*Try it*: Without the images, repeat every line of the listing exactly.
(Beginning of Dataset content)
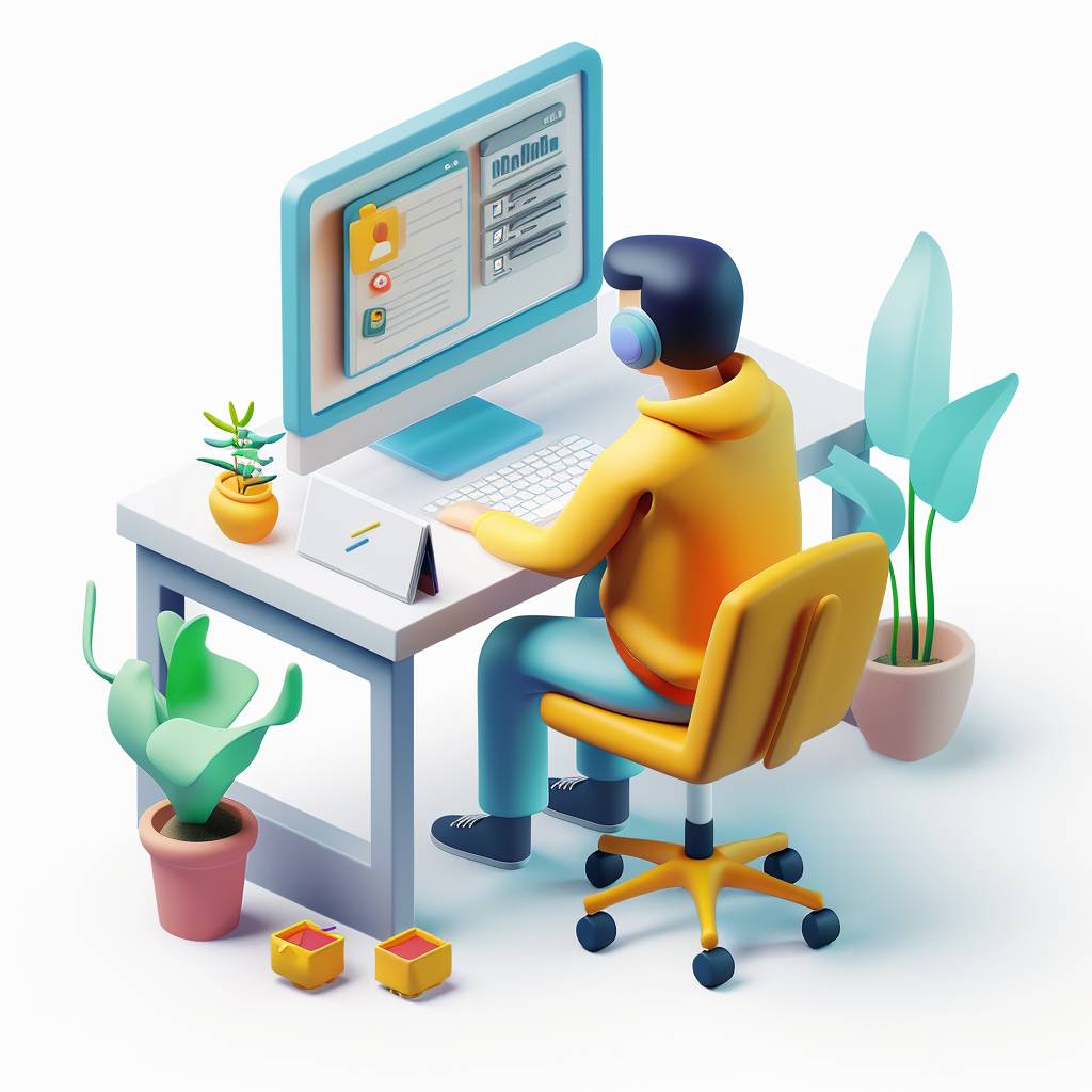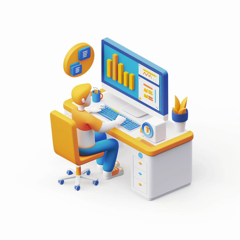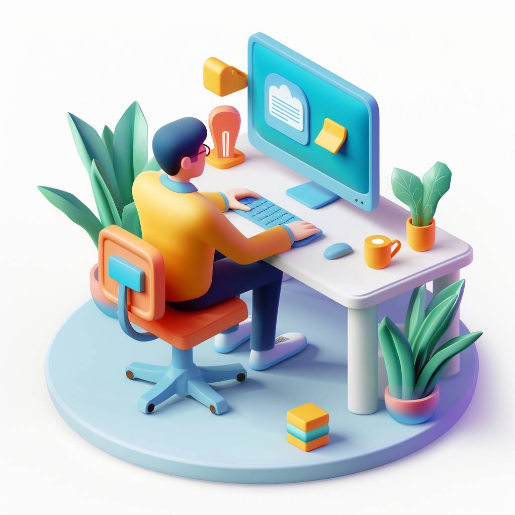 A 3D isometric illustration of a user making important decisions at a computer.
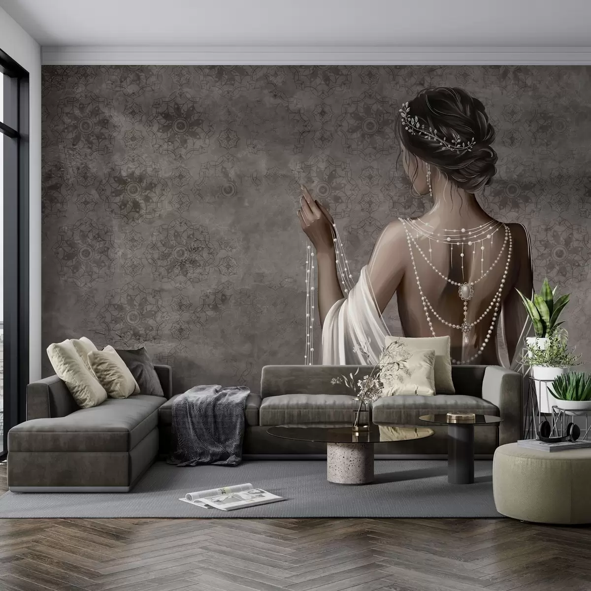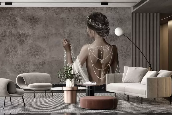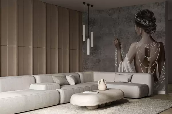 Fototapet Femeie văzută din spate cu perle, fundal cu model de piatră gri Nr. w04854
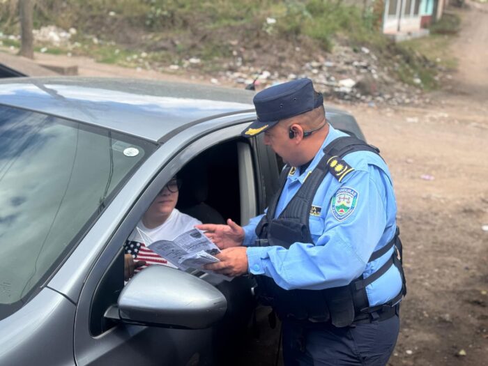 Choluteca. 08 de abril de 2026.- Con el propósito de fortalecer la prevención del delito de extorsión, la Policía Nacional, a través de la Dirección Policial Anti Maras y Pandillas Contra el Crimen Organizado (DIPAMPCO), desarrolló una jornada de sensibilización dirigida a operadores del transporte que brindan el servicio de taxi, a la altura del puente Tiburcio Carías Andino, ubicado en la ciudad de Choluteca.
(End of Dataset content)
*The answer*:
 A 3D isometric illustration of a user making important decisions at a computer.
 Fototapet Femeie văzută din spate cu perle, fundal cu model de piatră gri Nr. w04854
 Choluteca. 08 de abril de 2026.- Con el propósito de fortalecer la prevención del delito de extorsión, la Policía Nacional, a través de la Dirección Policial Anti Maras y Pandillas Contra el Crimen Organizado (DIPAMPCO), desarrolló una jornada de sensibilización dirigida a operadores del transporte que brindan el servicio de taxi, a la altura del puente Tiburcio Carías Andino, ubicado en la ciudad de Choluteca.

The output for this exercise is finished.